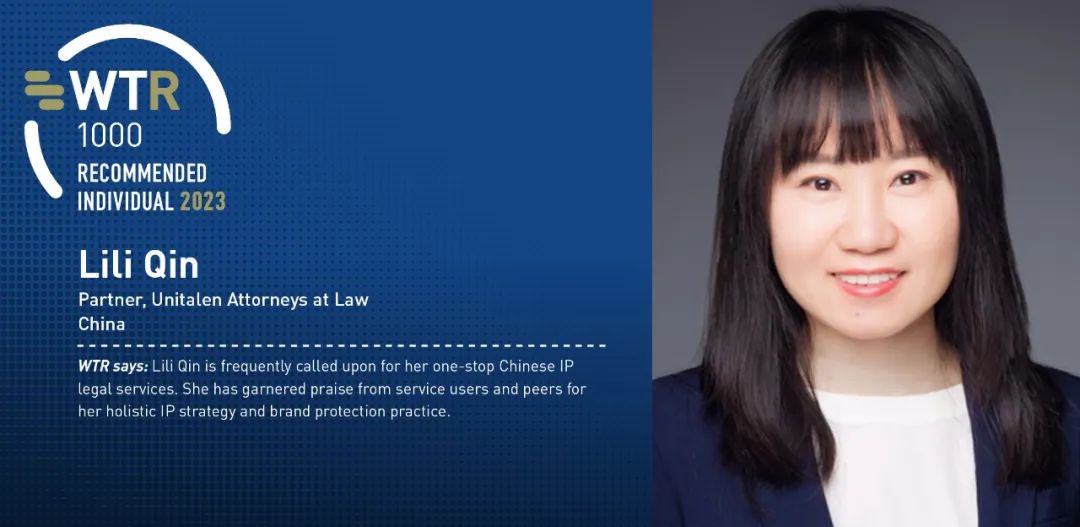 WTR評(píng)價(jià):“WTR1000的新秀秦麗麗律師曾為VISA、超微和星展銀行等提供一站式中國知識(shí)產(chǎn)權(quán)法律服務(wù),并以全面的知識(shí)產(chǎn)權(quán)戰(zhàn)略和品牌保護(hù)實(shí)踐贏得了客戶和同行的贊譽(yù)。”
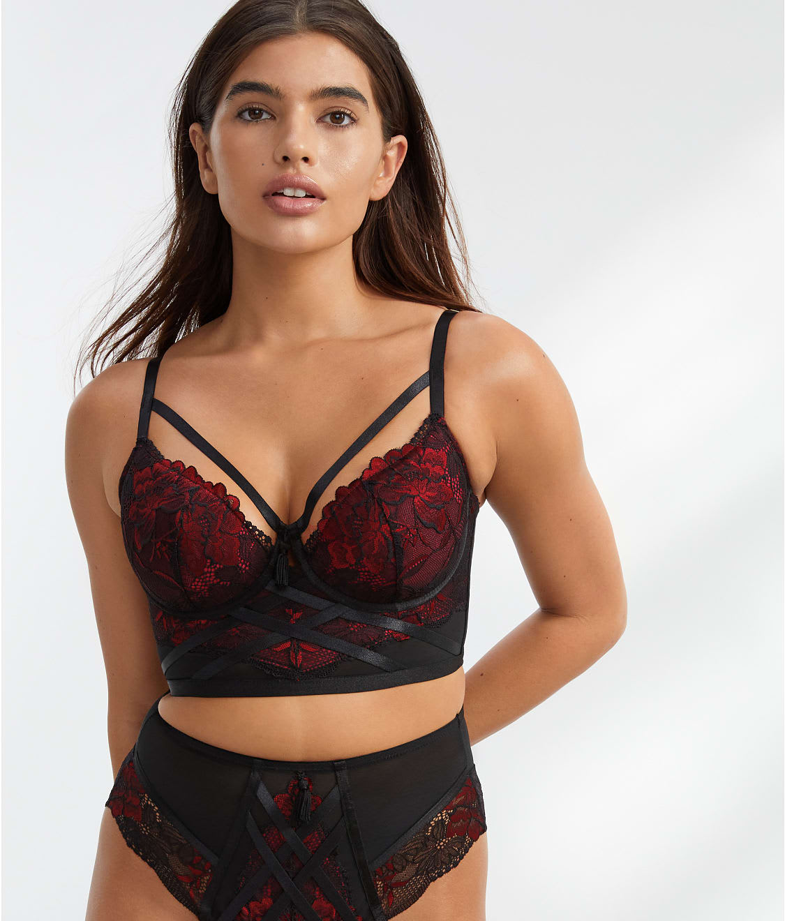 - Feel supported in this pretty underwire longline bra
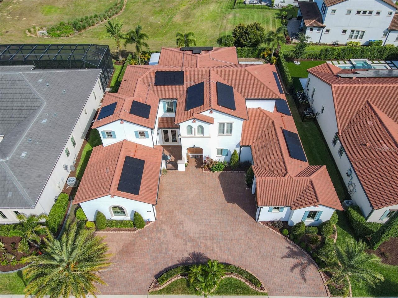 Prepare to be awed by this stunning estate from the Toll Brothers executive collection in the renowned community of Lakeshore Preserve. This home presents an ultra modern layout bringing you an environment that caters to both entertaining and every day life. The first floor is open and has 2 sets of triple pane sliding glass doors that fully open to your personal oasis. Beyond the covered lanai is a beautiful pool, spa and cabana area, perfect for a mid day swim or watching Disney fireworks at night. The kitchens, indoor and outdoor, and sure to impress even the most fastidious of chefs with the natural gas cooktop, multiple mounted range hoods, quartz countertops and more. This property is not only a smart home but also environmentally conscientious with newly installed solar panels and an electric car charger. All furniture is included with the sale of this home, the only thing you need is the keys to begin living your best central Florida life. Virtual Tour Available.
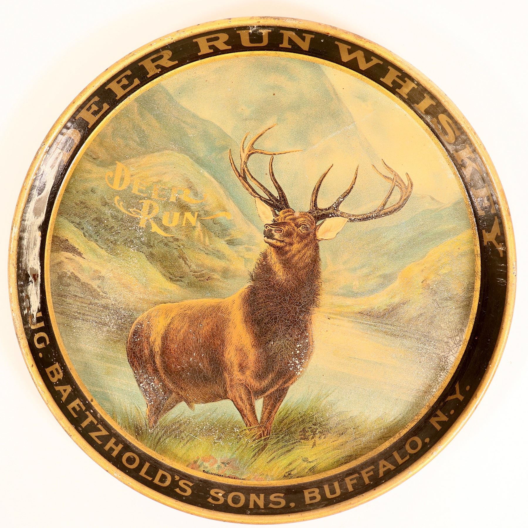 This whiskey shot glass tray is for "Deer Run" at 12 in. with a great sag image on the tray bottom and "Deer Run Whiskey" on the rim "Aug; Baetzhold's Sons. Buffalo. New York". A sanded edge on the inside rim, crazed bottom, condition good. C. 1910-1918. Pre-Pro. Buffalo New York
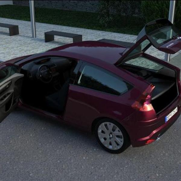 3D-Automodell speziell für Architekturvisualisierungen und 3D-Animationen. Realistisches, aber dennoch polygonsparendes Fahrzeug, steuerbar mittels xPresso
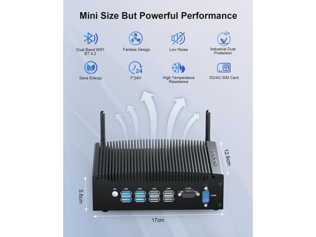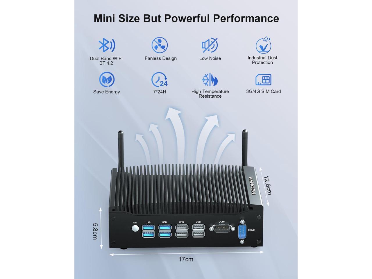 VENOEN Fanless Mini PC i5 Industrial Computer Core i5-8350U, 2* RS232 COM, Dual HD, 2* RJ45 LAN, WiFi, BT4.2, 4G SIM Slot, 16GB DDR4 512GB SSD, Industrial Mini PC Win 11pro, Office/Business PC, WOL
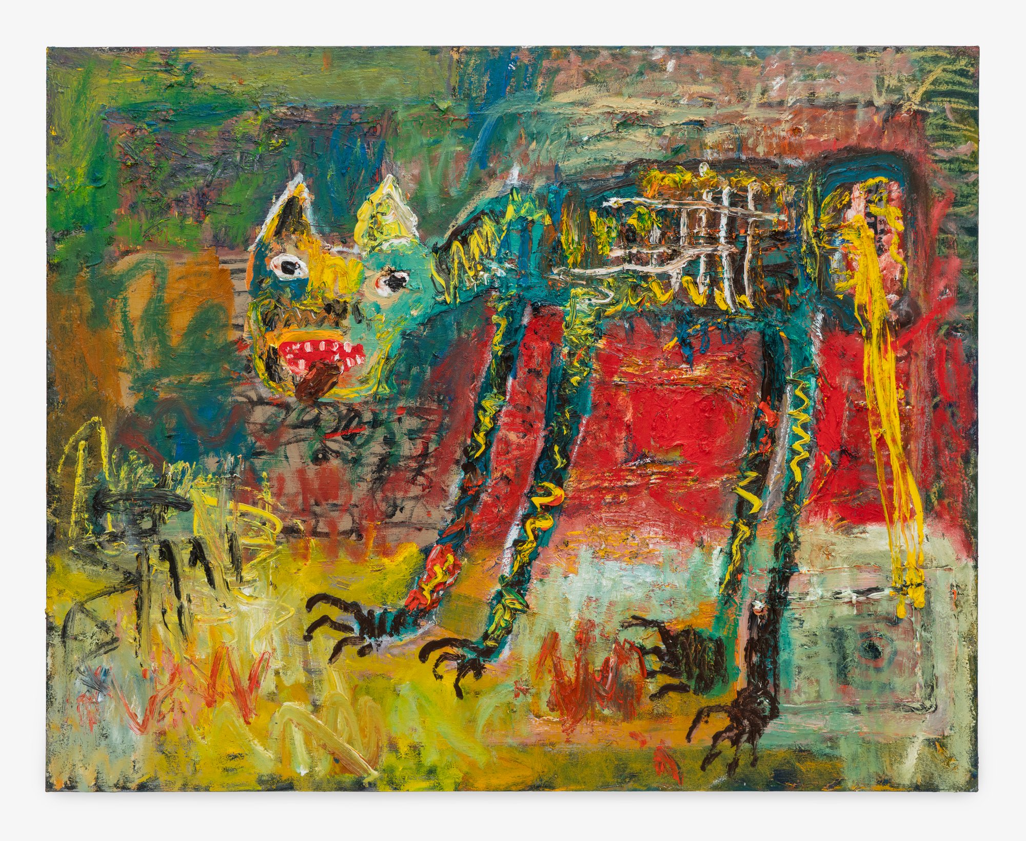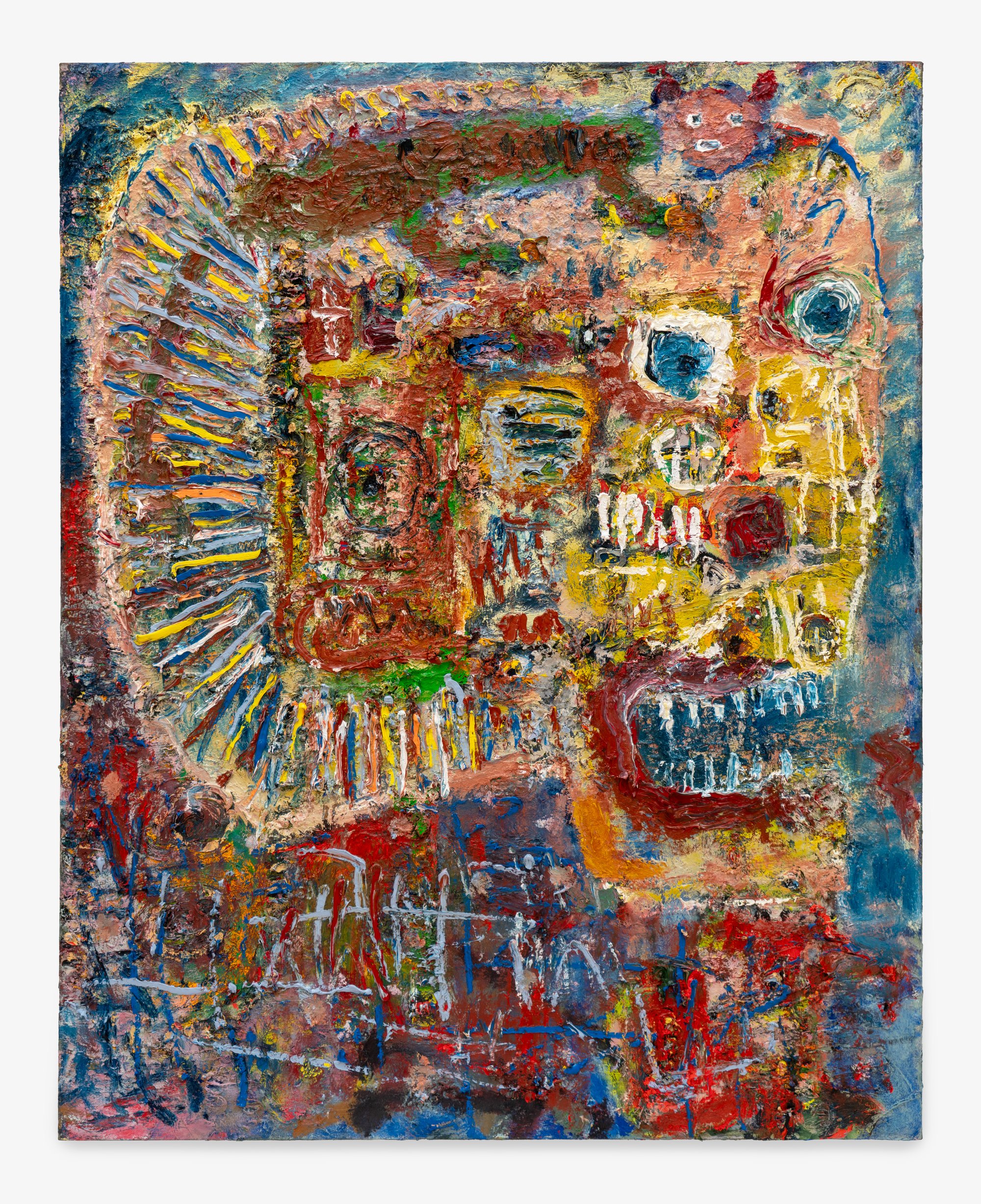 Walking on the Sun, 2026, involves a devouring skull profile, seeming lifted from the repertoire of both Dubuffet and Jean-Michel Basquiat with more grizzle and compulsive handling.
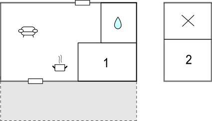 Badezimmer (nr. 1) - WC. Warmes und kaltes Wasser. Dusche
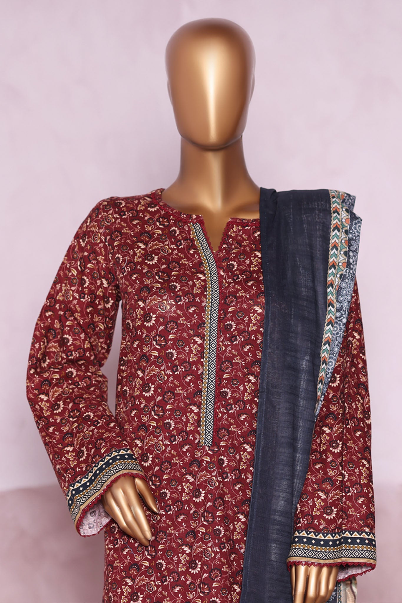 Bin Saeed Stitched 3 Piece Exclusive Printed Khaddar Vol-06 Collection'2025-WK-2459-Maroon
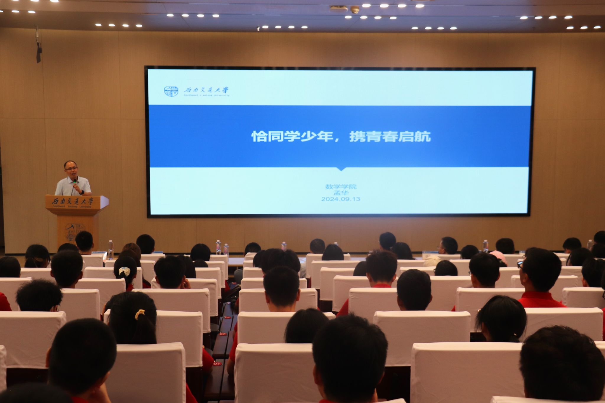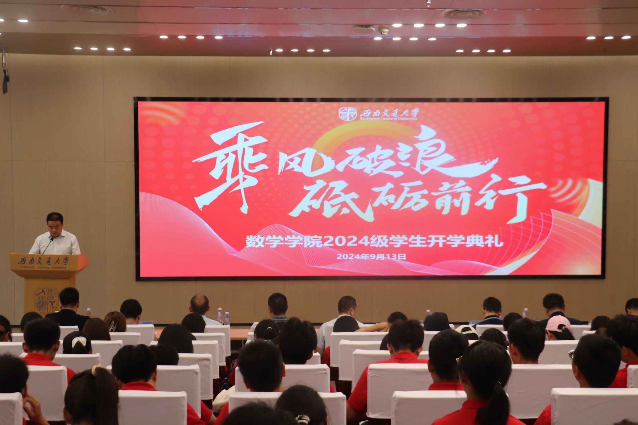 9月13日下午2时30分,vwin德赢ac米兰官网2024级学生开学典礼在犀浦校区图书馆二号报告厅隆重举行。出席会议的嘉宾有vwin德赢ac米兰官网党委书记徐革教授、院长杨晗教授、副院长潘小东副教授、副院长王璐教授、副院长李志辉副教授、信息与计算科学系杨洋教授、信息与计算科学系主任孟华副教授、统计系黄磊副教授、数学2024-01班班导师崔宁伟、数学2024-01班班导师吴贯锋、统计2024-02班班导师何莎、统计2024-02班班导师程凤、大数据2024-01班班导师何星星、大数据2024-01班班导师洪思奥、大数据2024-02班班导师陈章友、大数据2024-02班班导师丁猛、团委书记张素子及全体学工组老师。会议由vwin德赢ac米兰官网党委副书记黄祥主持。
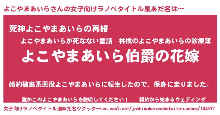 | 男性向けラノベタイトル風あだ名 | 『うちの娘の為ならば、俺はもしかしたらよこやまあいらも倒せるかもしれない。』 |
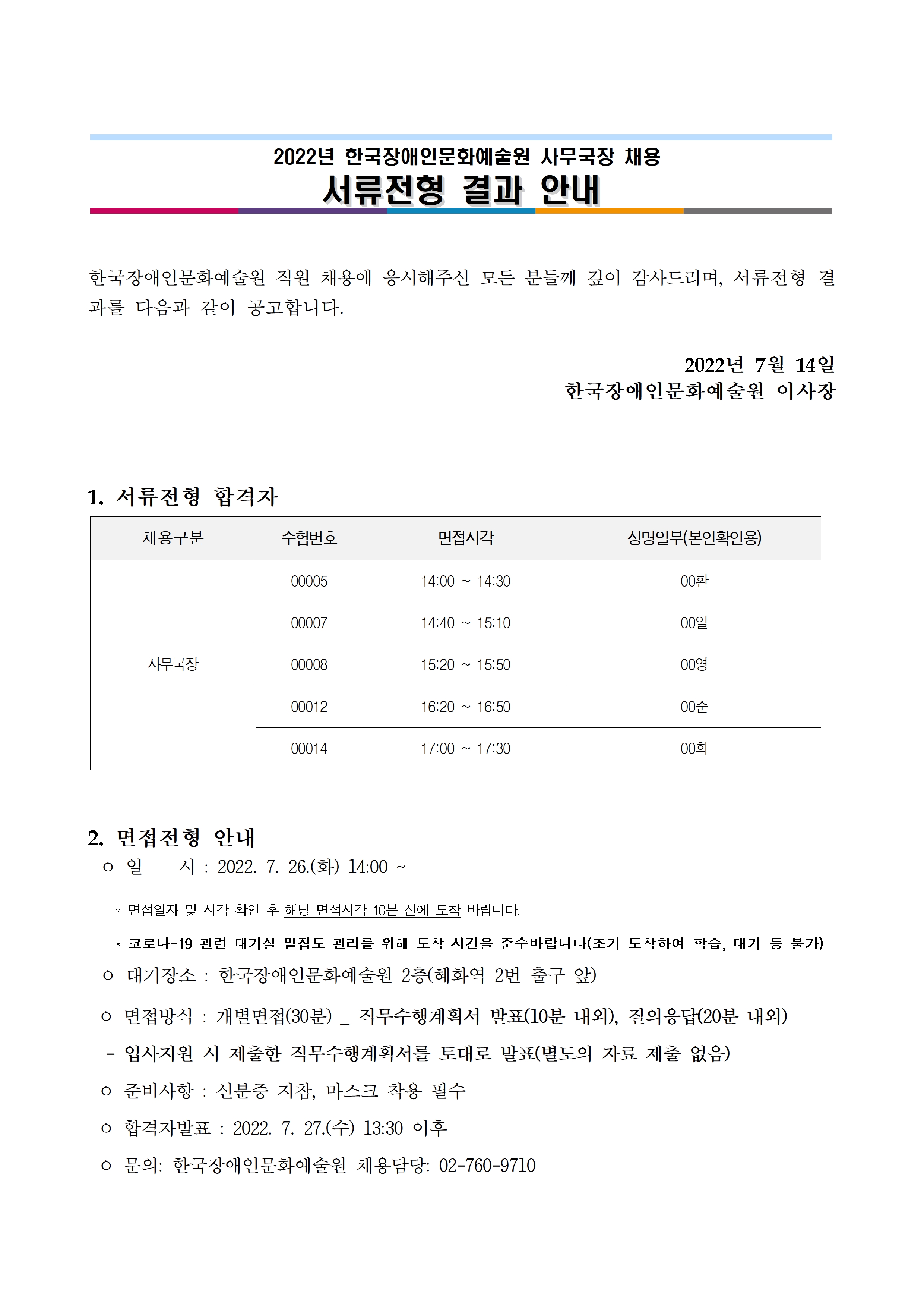 한국장애인문화예술원 사무국장 채용 서류전형 결과
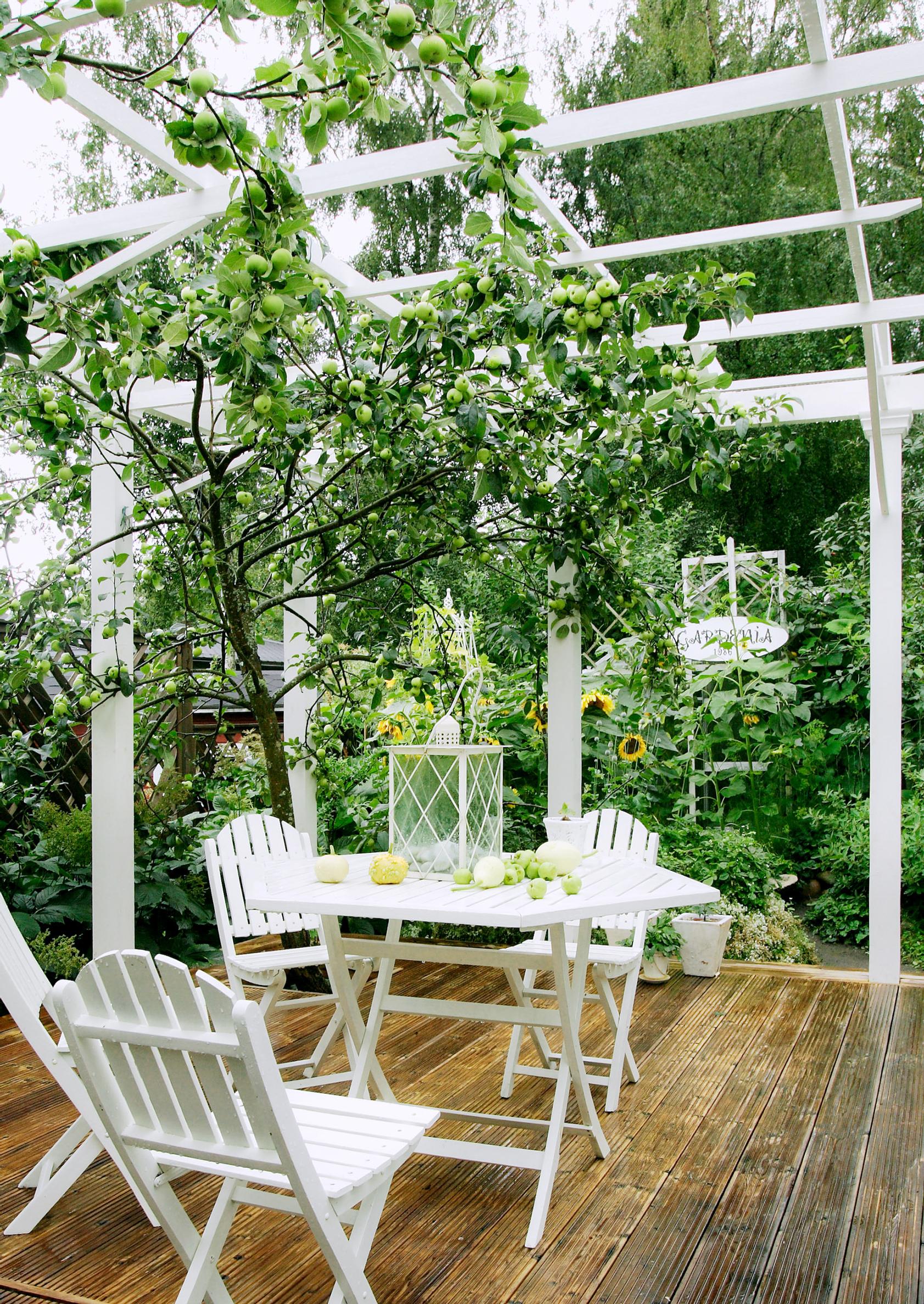 2. Valkoiseksi maalattu pergola suorastaan loistaa vihreän keskeltä
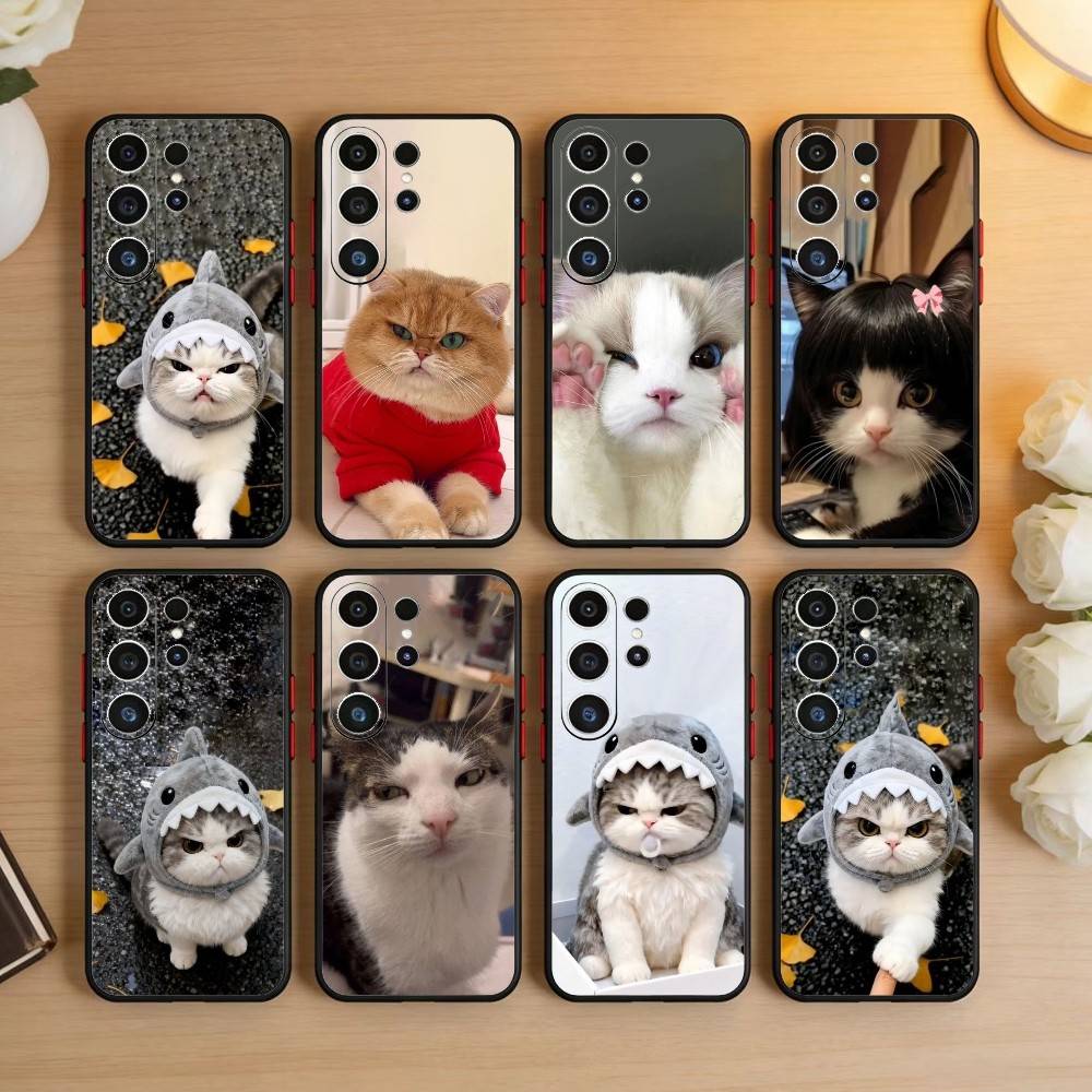 Funny Cute Cat Phone Case For Samsung S26,S25,S24,S23,S22,S30,S21,Ultra,Plus,FE 5G Black Soft Cover
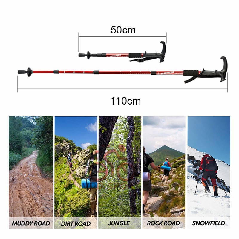 Outdoor Hiking Stick Light Trekking Pole Height Adjustable Hiking Climbing Stick Anti-Shock Walking Stick

• **Required action**:
Line for line, retype the material exactly, omitting any pictures.

• **Solution for this task**:
 WTR評(píng)價(jià):“WTR1000的新秀秦麗麗律師曾為VISA、超微和星展銀行等提供一站式中國知識(shí)產(chǎn)權(quán)法律服務(wù),并以全面的知識(shí)產(chǎn)權(quán)戰(zhàn)略和品牌保護(hù)實(shí)踐贏得了客戶和同行的贊譽(yù)。”
 - Feel supported in this pretty underwire longline bra
 Prepare to be awed by this stunning estate from the Toll Brothers executive collection in the renowned community of Lakeshore Preserve. This home presents an ultra modern layout bringing you an environment that caters to both entertaining and every day life. The first floor is open and has 2 sets of triple pane sliding glass doors that fully open to your personal oasis. Beyond the covered lanai is a beautiful pool, spa and cabana area, perfect for a mid day swim or watching Disney fireworks at night. The kitchens, indoor and outdoor, and sure to impress even the most fastidious of chefs with the natural gas cooktop, multiple mounted range hoods, quartz countertops and more. This property is not only a smart home but also environmentally conscientious with newly installed solar panels and an electric car charger. All furniture is included with the sale of this home, the only thing you need is the keys to begin living your best central Florida life. Virtual Tour Available.
 This whiskey shot glass tray is for "Deer Run" at 12 in. with a great sag image on the tray bottom and "Deer Run Whiskey" on the rim "Aug; Baetzhold's Sons. Buffalo. New York". A sanded edge on the inside rim, crazed bottom, condition good. C. 1910-1918. Pre-Pro. Buffalo New York
 3D-Automodell speziell für Architekturvisualisierungen und 3D-Animationen. Realistisches, aber dennoch polygonsparendes Fahrzeug, steuerbar mittels xPresso
 VENOEN Fanless Mini PC i5 Industrial Computer Core i5-8350U, 2* RS232 COM, Dual HD, 2* RJ45 LAN, WiFi, BT4.2, 4G SIM Slot, 16GB DDR4 512GB SSD, Industrial Mini PC Win 11pro, Office/Business PC, WOL
 Walking on the Sun, 2026, involves a devouring skull profile, seeming lifted from the repertoire of both Dubuffet and Jean-Michel Basquiat with more grizzle and compulsive handling.
 Badezimmer (nr. 1) - WC. Warmes und kaltes Wasser. Dusche
 Bin Saeed Stitched 3 Piece Exclusive Printed Khaddar Vol-06 Collection'2025-WK-2459-Maroon
 9月13日下午2时30分,vwin德赢ac米兰官网2024级学生开学典礼在犀浦校区图书馆二号报告厅隆重举行。出席会议的嘉宾有vwin德赢ac米兰官网党委书记徐革教授、院长杨晗教授、副院长潘小东副教授、副院长王璐教授、副院长李志辉副教授、信息与计算科学系杨洋教授、信息与计算科学系主任孟华副教授、统计系黄磊副教授、数学2024-01班班导师崔宁伟、数学2024-01班班导师吴贯锋、统计2024-02班班导师何莎、统计2024-02班班导师程凤、大数据2024-01班班导师何星星、大数据2024-01班班导师洪思奥、大数据2024-02班班导师陈章友、大数据2024-02班班导师丁猛、团委书记张素子及全体学工组老师。会议由vwin德赢ac米兰官网党委副书记黄祥主持。
 | 男性向けラノベタイトル風あだ名 | 『うちの娘の為ならば、俺はもしかしたらよこやまあいらも倒せるかもしれない。』 |
 한국장애인문화예술원 사무국장 채용 서류전형 결과
 2. Valkoiseksi maalattu pergola suorastaan loistaa vihreän keskeltä
 Funny Cute Cat Phone Case For Samsung S26,S25,S24,S23,S22,S30,S21,Ultra,Plus,FE 5G Black Soft Cover
 Outdoor Hiking Stick Light Trekking Pole Height Adjustable Hiking Climbing Stick Anti-Shock Walking Stick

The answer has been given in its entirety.